Skip to content

featurebyte.SparkDetails

class SparkDetails(
*,
host: StrictStr="127.0.0.1",
port: int=10000,
http_path: StrictStr="cliservice",
use_http_transport: bool=False,
use_ssl: bool=False,
storage_type: StorageType,
storage_url: str,
storage_path: StrictStr,
catalog_name: StrictStr,
schema_name: StrictStr
)

Description

Model for details used to connect to a Spark data source.

Parameters

  • host: StrictStr
    default: "127.0.0.1"
    The server where your spark cluster is hosted.

  • port: int
    default: 10000
    The port your spark cluster is hosted on.

  • http_path: StrictStr
    default: "cliservice"
    Spark compute resource URL.

  • use_http_transport: bool
    default: False
    Configuration on whether to use HTTP as our transport layer. Defaults to Thrift

  • use_ssl: bool
    default: False
    Configuration on whether to use SSL. Only applicable if use_http_transport is set to True.
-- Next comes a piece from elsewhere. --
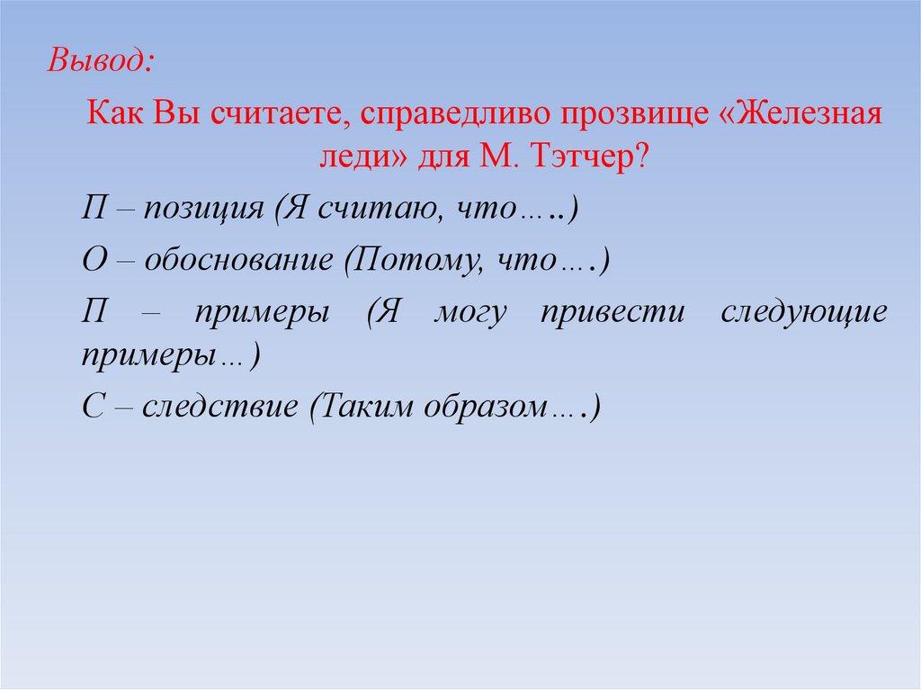 П – позиция (Я считаю, что…..)

  • storage_type: StorageType
    Storage type of where we will be persisting the feature store to.

  • storage_url: str
    URL of where we will be uploading our custom UDFs to.
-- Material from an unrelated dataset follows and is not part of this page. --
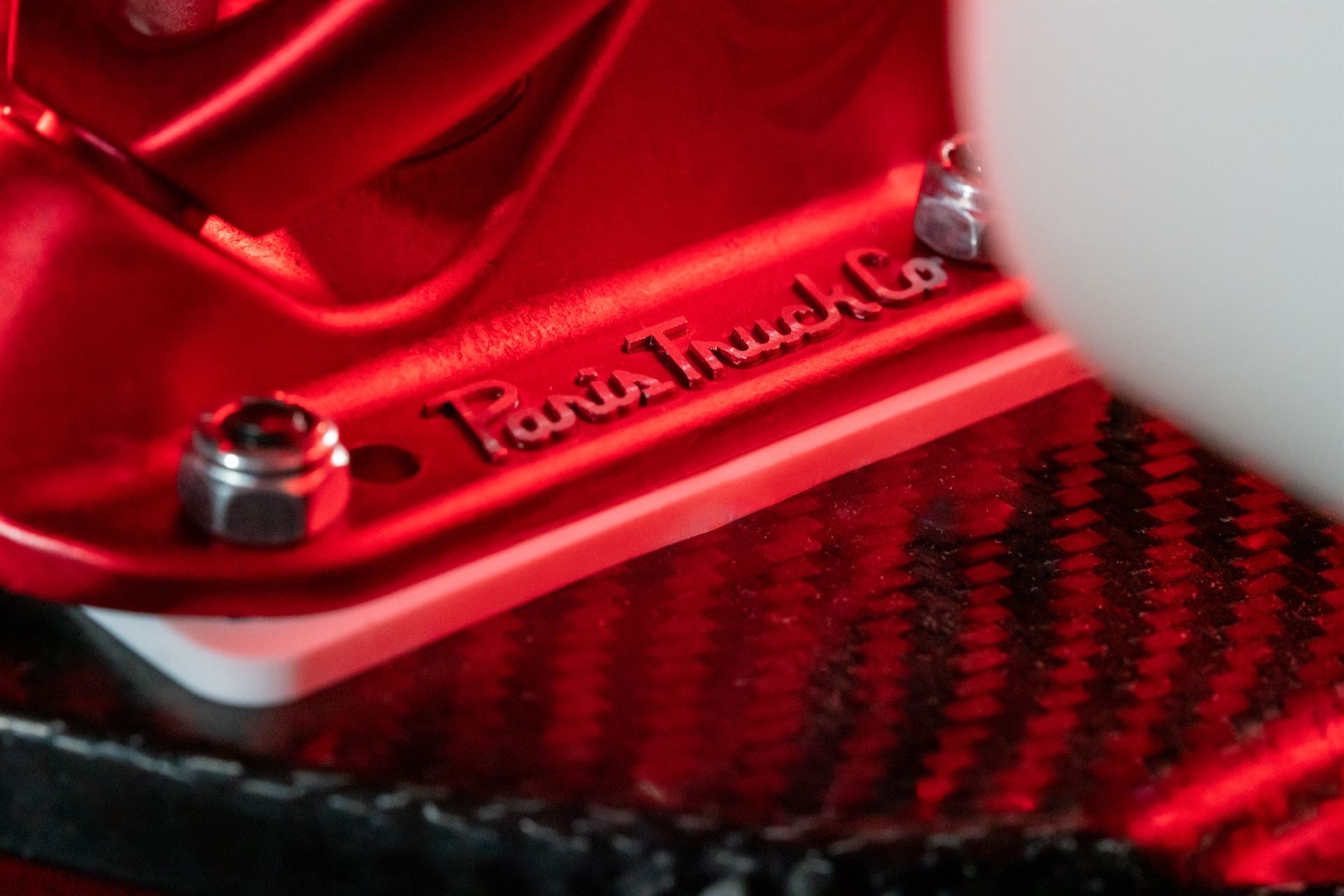 TRUCKS: 180mm Paris V3 Scarlett Red front truck. 180mm Patented Direct Drive Reverse Kingpin Scarlett Red Rear Precision Truck. 50 degree front and 42 degree rear truck base-plate angles. 90A Barrel Bushings.

  • storage_path: StrictStr
    Path where we will be reading our data from. Note that this technically points to the same location as the storage_url. However, the format that the warehouse accepts differs between the read and write path, and as such, we require two fields.

  • catalog_name: StrictStr
    The name of the catalog to use for creation of output tables.

  • schema_name: StrictStr
    The name of the schema to use for creation of output tables.

Examples

>>> details = fb.SparkDetails(
...   host="<host>",
...   port=10003,
...   catalog_name="spark_catalog",
...   schema_name="<schema_name>",
...   storage_type=fb.StorageType.S3,
...   storage_url="<storage_url>",
...   storage_path="gs://dataproc-cluster-staging/{<schema_name>}"
... )